LegalPro-BERT: Classification of Legal Provisions by fine-tuning BERT Large Language Model

Amit Tewari
2024-04-16
Abstract:A contract is a type of legal document commonly used in organizations. Contract review is an integral and repetitive process to avoid business risk and liability. Contract analysis requires the identification and classification of key provisions and paragraphs within an agreement. Identification and validation of contract clauses can be a time-consuming and challenging task demanding the services of trained and expensive lawyers, paralegals or other legal assistants. Classification of legal provisions in contracts using artificial intelligence and natural language processing is complex due to the requirement of domain-specialized legal language for model training and the scarcity of sufficient labeled data in the legal domain. Using general-purpose models is not effective in this context due to the use of specialized legal vocabulary in contracts which may not be recognized by a general model. To address this problem, we propose the use of a pre-trained large language model which is subsequently calibrated on legal taxonomy. We propose LegalPro-BERT, a BERT transformer architecture model that we fine-tune to efficiently handle classification task for legal provisions. We conducted experiments to measure and compare metrics with current benchmark results. We found that LegalPro-BERT outperforms the previous benchmark used for comparison in this research.
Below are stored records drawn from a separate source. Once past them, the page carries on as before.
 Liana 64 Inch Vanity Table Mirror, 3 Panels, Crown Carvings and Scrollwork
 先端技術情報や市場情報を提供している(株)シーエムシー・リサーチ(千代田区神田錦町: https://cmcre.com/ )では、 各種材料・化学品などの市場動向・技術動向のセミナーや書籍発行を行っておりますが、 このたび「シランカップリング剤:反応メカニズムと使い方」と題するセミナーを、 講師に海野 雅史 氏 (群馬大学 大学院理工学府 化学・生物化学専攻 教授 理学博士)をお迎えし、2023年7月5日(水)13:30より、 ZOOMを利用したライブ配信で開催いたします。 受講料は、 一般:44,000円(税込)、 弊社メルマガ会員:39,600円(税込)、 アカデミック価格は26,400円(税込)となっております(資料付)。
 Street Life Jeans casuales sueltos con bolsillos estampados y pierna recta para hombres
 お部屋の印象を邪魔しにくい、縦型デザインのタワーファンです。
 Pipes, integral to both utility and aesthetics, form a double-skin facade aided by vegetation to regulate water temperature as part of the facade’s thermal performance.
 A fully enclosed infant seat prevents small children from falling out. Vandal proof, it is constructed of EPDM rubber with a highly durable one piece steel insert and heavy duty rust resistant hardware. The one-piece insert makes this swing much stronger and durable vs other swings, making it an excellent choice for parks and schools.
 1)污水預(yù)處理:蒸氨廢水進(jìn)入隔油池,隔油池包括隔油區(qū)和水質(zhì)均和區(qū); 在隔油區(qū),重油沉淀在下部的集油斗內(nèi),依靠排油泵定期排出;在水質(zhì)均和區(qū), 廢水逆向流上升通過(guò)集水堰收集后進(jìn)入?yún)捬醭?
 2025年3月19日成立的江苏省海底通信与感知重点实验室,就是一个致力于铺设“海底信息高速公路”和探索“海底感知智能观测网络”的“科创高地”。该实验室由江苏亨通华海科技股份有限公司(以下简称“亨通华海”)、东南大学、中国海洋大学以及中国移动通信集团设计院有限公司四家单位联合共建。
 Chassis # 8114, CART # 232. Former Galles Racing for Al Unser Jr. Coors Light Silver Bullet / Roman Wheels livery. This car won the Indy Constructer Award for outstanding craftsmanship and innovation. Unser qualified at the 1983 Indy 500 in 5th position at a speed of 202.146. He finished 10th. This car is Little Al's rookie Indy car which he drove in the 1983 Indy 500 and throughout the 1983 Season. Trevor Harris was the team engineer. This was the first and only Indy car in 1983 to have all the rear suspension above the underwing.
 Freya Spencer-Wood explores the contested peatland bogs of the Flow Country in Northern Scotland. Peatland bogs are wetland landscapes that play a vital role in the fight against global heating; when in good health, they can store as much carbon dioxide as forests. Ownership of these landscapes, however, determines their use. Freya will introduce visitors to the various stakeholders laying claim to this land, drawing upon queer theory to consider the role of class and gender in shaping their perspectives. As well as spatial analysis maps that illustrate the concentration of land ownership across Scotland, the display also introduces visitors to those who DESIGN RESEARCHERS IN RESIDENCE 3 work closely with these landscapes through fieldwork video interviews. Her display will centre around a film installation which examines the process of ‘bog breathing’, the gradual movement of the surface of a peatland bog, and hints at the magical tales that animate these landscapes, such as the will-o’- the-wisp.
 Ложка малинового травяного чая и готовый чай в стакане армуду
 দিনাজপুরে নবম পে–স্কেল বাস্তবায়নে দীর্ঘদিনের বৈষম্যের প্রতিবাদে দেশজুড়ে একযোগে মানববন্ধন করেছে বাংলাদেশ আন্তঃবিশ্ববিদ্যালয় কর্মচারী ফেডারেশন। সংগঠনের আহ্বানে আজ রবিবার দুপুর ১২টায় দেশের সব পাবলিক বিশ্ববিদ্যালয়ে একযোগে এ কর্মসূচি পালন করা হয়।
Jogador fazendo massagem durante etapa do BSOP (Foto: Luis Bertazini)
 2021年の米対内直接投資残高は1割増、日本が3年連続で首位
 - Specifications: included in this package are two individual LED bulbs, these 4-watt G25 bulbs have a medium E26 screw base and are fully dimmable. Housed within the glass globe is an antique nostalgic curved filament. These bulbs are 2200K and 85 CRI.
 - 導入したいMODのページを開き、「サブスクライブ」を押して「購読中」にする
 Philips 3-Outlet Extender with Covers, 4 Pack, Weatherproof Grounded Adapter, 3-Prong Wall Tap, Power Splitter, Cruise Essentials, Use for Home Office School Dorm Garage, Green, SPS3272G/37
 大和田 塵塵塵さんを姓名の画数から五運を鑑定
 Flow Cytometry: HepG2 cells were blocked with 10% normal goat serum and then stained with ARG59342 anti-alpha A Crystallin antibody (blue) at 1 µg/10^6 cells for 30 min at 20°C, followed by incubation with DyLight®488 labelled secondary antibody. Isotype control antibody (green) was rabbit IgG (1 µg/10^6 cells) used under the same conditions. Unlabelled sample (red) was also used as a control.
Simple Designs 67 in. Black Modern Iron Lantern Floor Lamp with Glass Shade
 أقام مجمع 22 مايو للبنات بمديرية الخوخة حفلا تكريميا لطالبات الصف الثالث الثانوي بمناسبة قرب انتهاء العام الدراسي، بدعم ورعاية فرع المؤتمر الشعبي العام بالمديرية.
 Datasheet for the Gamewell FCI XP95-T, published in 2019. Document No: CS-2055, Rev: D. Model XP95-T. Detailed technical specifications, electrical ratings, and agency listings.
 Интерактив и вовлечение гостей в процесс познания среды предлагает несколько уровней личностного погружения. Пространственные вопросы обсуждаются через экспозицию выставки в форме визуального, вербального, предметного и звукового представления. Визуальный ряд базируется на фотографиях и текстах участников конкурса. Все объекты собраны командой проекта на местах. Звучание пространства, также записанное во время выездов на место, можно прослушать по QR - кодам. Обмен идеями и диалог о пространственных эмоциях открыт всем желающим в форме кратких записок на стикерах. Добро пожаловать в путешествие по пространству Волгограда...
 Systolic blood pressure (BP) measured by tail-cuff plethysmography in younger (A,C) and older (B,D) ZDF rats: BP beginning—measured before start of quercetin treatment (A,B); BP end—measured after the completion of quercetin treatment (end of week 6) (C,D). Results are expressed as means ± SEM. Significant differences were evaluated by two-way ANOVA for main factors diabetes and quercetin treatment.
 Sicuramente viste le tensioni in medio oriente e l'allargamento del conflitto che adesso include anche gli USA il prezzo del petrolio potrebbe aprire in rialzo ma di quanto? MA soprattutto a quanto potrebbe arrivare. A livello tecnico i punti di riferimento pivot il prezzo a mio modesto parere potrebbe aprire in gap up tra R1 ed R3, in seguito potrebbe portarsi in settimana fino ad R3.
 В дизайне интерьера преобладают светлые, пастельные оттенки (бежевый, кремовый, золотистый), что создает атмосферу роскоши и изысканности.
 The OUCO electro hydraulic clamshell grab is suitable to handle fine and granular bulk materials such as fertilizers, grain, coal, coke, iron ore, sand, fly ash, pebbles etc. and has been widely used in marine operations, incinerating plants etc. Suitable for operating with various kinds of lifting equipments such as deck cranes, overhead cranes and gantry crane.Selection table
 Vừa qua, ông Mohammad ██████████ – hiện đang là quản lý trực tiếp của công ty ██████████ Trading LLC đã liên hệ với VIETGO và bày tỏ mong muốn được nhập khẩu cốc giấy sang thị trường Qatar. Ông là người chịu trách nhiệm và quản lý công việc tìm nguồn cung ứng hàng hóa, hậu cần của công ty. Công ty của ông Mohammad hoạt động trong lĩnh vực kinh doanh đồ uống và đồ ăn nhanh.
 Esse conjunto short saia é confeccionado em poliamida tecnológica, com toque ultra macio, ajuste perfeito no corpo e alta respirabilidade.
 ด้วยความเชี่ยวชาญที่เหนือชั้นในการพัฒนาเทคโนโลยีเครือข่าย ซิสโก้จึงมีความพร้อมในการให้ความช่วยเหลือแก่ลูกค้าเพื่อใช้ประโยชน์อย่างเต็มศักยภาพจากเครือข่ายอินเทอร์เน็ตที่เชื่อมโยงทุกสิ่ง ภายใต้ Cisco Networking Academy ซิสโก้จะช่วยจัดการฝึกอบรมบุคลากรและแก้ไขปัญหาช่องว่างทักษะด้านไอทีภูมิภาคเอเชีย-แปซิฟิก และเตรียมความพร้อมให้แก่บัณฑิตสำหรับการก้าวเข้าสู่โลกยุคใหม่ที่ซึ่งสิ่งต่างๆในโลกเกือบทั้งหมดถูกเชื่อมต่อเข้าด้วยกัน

Artificial Intelligence,Information Retrieval,Machine Learning
What problem does this paper attempt to address?
The problem that this paper attempts to solve is the automatic classification of legal clauses in contracts. Specifically, the author focuses on how to use pre - trained large - scale language models (such as BERT) through fine - tuning techniques to efficiently handle the classification tasks of legal provisions. This problem is very important in practical applications because contract review is a time - consuming and costly process, usually requiring the services of professional and expensive lawyers, paralegals or other legal assistants. Since specialized legal vocabulary is used in contract texts, this makes classification using general models complicated. Therefore, the paper proposes a solution - using a pre - trained language model and fine - tuning it with data in the legal field to improve the accuracy and efficiency of classification. The main contributions of the paper include: 1. Proposing LegalPro - BERT, a large - scale language model based on BERT - large for the classification tasks of legal provisions. 2. Using the LexGLUE LEDGAR classification dataset as a benchmark for comparison. 3. The experimental results show that LegalPro - BERT performs better than the existing benchmark methods on LEDGAR data. 4. The study also explores the impact of data pre - processing techniques on model accuracy, and the method of only fine - tuning some layers of the model to reduce the overall time and improve the prediction performance.